SUPPLIED MATERIAL:
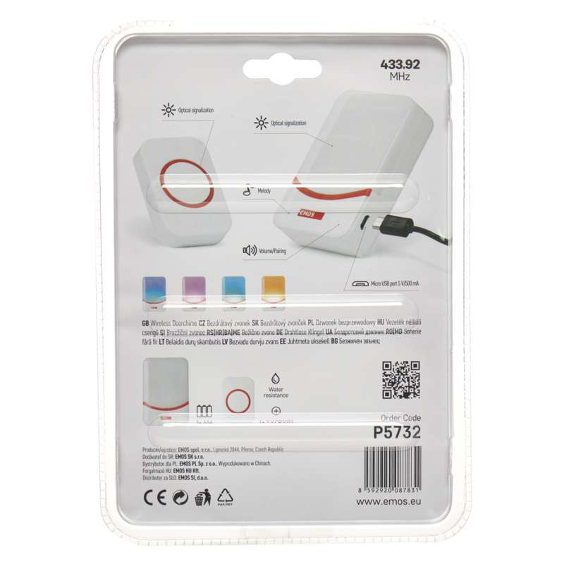 barva: bílá|dosah tlačítka: 100 m|maximální hlasitost zvonění: 90 dB|možnost přidat další tlačítko: ano, max. 16|napájení hlavní jednotky: 3× 1,5 V AAA (nejsou součástí balení) + micro USB 5 V|napájení tlačítka: 1× 3 V CR2032 (součástí balení)|optická signalizace na tlačítku: ano|optická signalizace na zvonku: ano|počet melodií: 38|počet přijímačů v balení: 1 ks|počet tlačítek v balení: 1 ks|přenosová frekvence: 433 MHz|přídavné (náhradní) tlačítko: P5732T|prodejní obal: 1 ks, blistr|regulace hlasitosti: ano, 4 úrovně|speciální funkce: výrazná optická signalizace zvonění|voděodolné tlačítko: ano|způsob párování: automatické párování – self-learning|způsob přenosu: bezdrátový zvonek
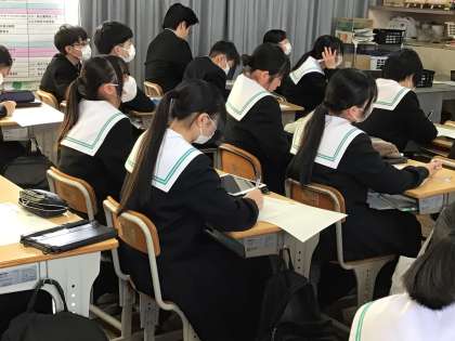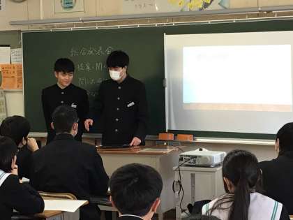 2/7 最後のまとめまで丁寧に(3年総合) 公開日 2025/02/07 更新日 2025/02/07 各学年から 3年3組が総合の時間を使ってSDGsの発表を行っていました。卒業前、受検の合間を使って最後の仕上げです。 発表者が目線を上げて、みんなに伝えようとしている誠実な姿を見て、うれしくなりました。また、聞き手も大切な言葉をプリントにメモするなど、聞き方も素敵でした。3年生の最後にふさわしい姿になってきました。
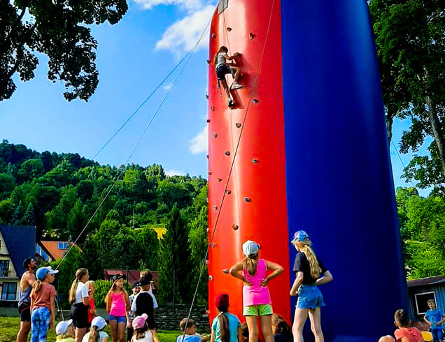 Zajęcia na dmuchanej ścianie wspinaczkowej. Idealnie sprawdzają na:
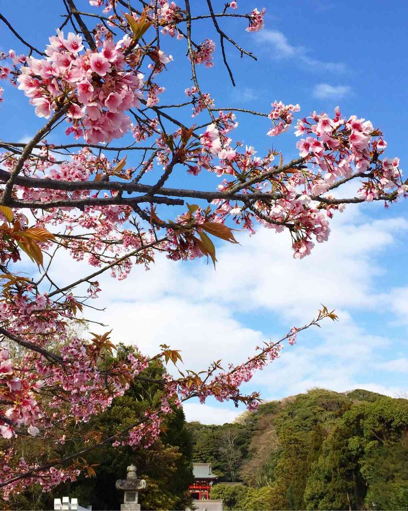 サクラの花と遠くに見える鶴岡八幡宮⛩
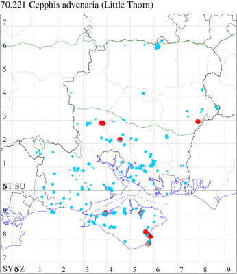 VC10: Earliest: Shanklin, 07 Jun, 1 (IOu) Latest: Shanklin, 14 Aug, 1 (IOu) Max count: West High Down Quarry, 07 Aug, 15 (IOu)

EXERCISE DETAILS: None of the images should be copied, but every entry must be given again exactly.

RESPONSE BELOW:
 barva: bílá|dosah tlačítka: 100 m|maximální hlasitost zvonění: 90 dB|možnost přidat další tlačítko: ano, max. 16|napájení hlavní jednotky: 3× 1,5 V AAA (nejsou součástí balení) + micro USB 5 V|napájení tlačítka: 1× 3 V CR2032 (součástí balení)|optická signalizace na tlačítku: ano|optická signalizace na zvonku: ano|počet melodií: 38|počet přijímačů v balení: 1 ks|počet tlačítek v balení: 1 ks|přenosová frekvence: 433 MHz|přídavné (náhradní) tlačítko: P5732T|prodejní obal: 1 ks, blistr|regulace hlasitosti: ano, 4 úrovně|speciální funkce: výrazná optická signalizace zvonění|voděodolné tlačítko: ano|způsob párování: automatické párování – self-learning|způsob přenosu: bezdrátový zvonek
 2/7 最後のまとめまで丁寧に(3年総合) 公開日 2025/02/07 更新日 2025/02/07 各学年から 3年3組が総合の時間を使ってSDGsの発表を行っていました。卒業前、受検の合間を使って最後の仕上げです。 発表者が目線を上げて、みんなに伝えようとしている誠実な姿を見て、うれしくなりました。また、聞き手も大切な言葉をプリントにメモするなど、聞き方も素敵でした。3年生の最後にふさわしい姿になってきました。
 Zajęcia na dmuchanej ścianie wspinaczkowej. Idealnie sprawdzają na:
 サクラの花と遠くに見える鶴岡八幡宮⛩
 VC10: Earliest: Shanklin, 07 Jun, 1 (IOu) Latest: Shanklin, 14 Aug, 1 (IOu) Max count: West High Down Quarry, 07 Aug, 15 (IOu)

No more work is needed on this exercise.